# WHAT YOU HAVE TO DO
Repeat, word for word and with nothing added, each line from the one containing "Allí nos juntamos" to the final line of the data, keeping both ends. Pictures are not part of the copy.

# AVAILABLE DATA
________________
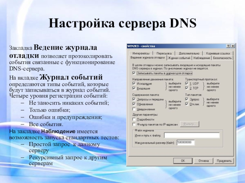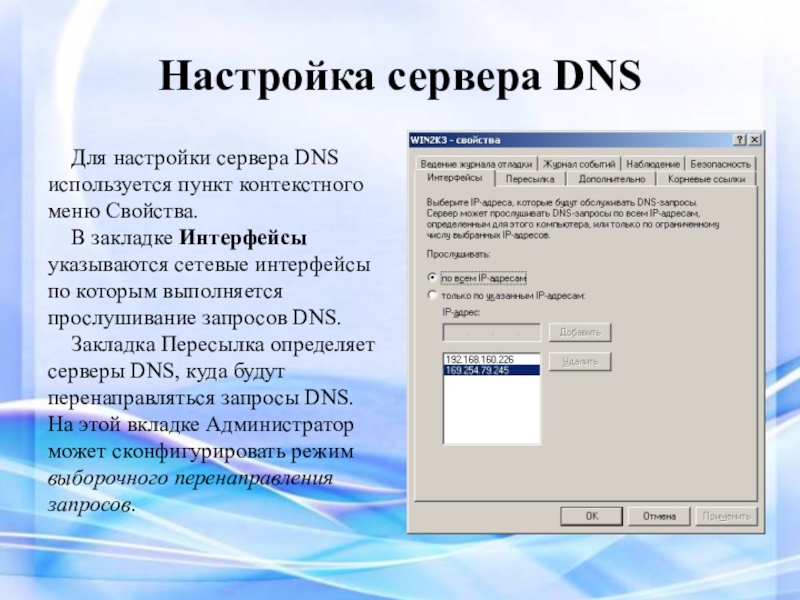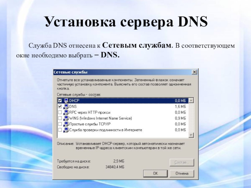 Слайд 1Настройка серверов DNS, WINS,DHCP
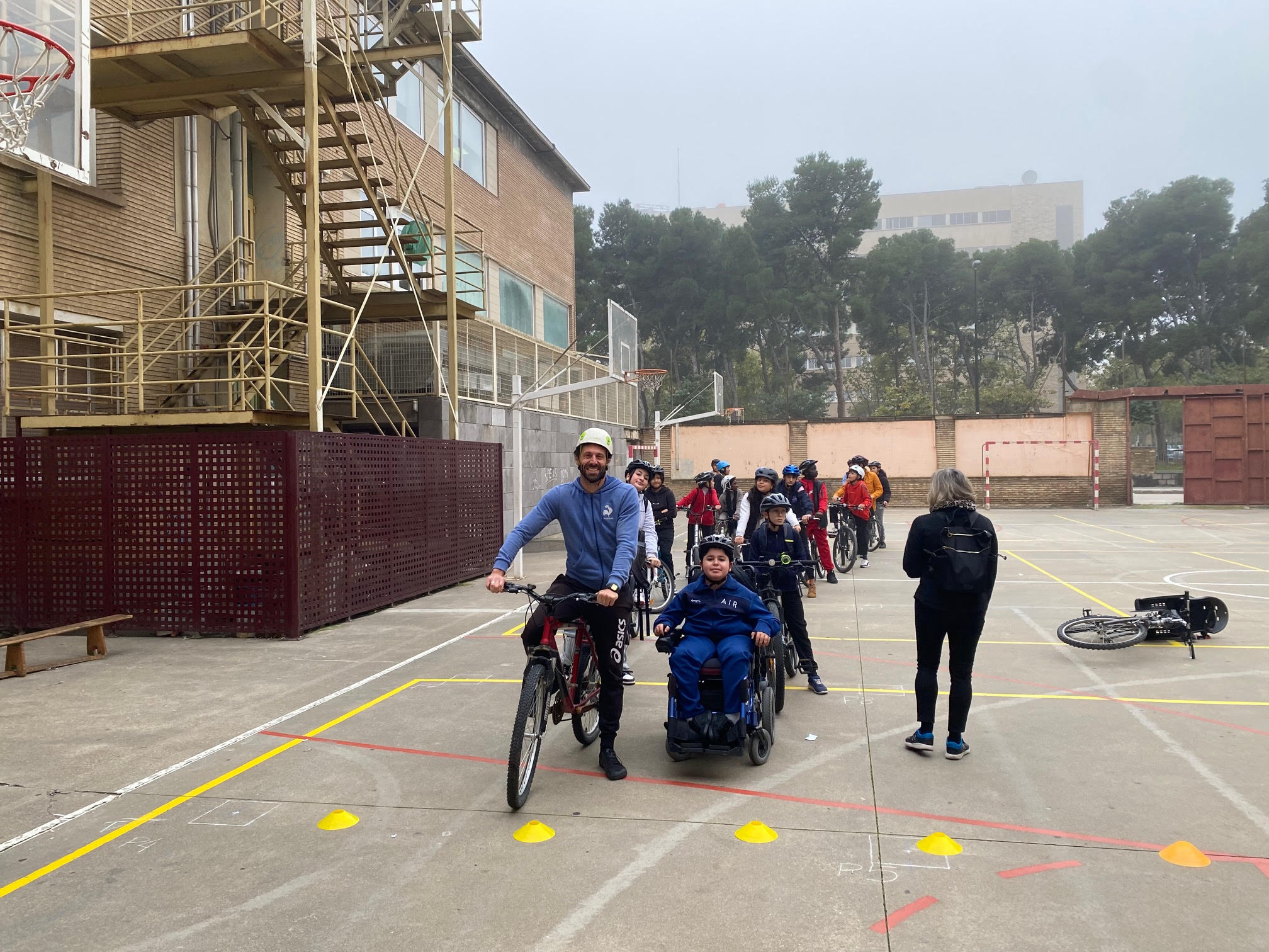 Allí nos juntamos con los grupos embajadores del Ramón Pignatelli, CPI Río Sena, CPI Espartidero, Félix de Azara y Ramón y Cajal. Practicamos maniobras, juegos y postas de me?anica de bici. Salió todo rodado la verdad, la única pega: que el sol tardó demasiado en salir.
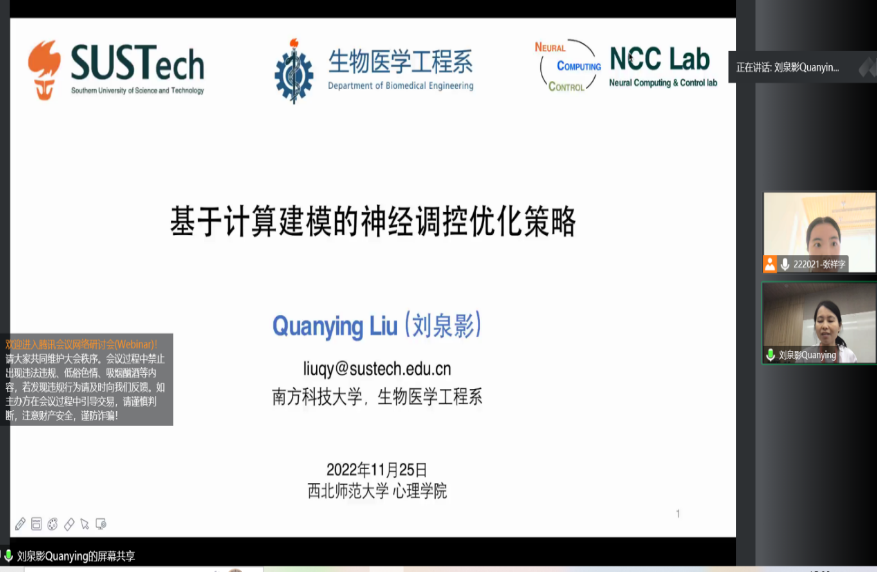 2022年11月25日,应365上市公司邀请,南方科技大学刘泉影助理教授通过线上形式为我院师生作题为《基于计算建模的神经调控优化策略》的学术报告。本次报告由365上市公司张祥字老师主持,365上市公司100余名师生参加了报告。
________________
# EXERCISE OUTPUT
 Allí nos juntamos con los grupos embajadores del Ramón Pignatelli, CPI Río Sena, CPI Espartidero, Félix de Azara y Ramón y Cajal. Practicamos maniobras, juegos y postas de me?anica de bici. Salió todo rodado la verdad, la única pega: que el sol tardó demasiado en salir.
 2022年11月25日,应365上市公司邀请,南方科技大学刘泉影助理教授通过线上形式为我院师生作题为《基于计算建模的神经调控优化策略》的学术报告。本次报告由365上市公司张祥字老师主持,365上市公司100余名师生参加了报告。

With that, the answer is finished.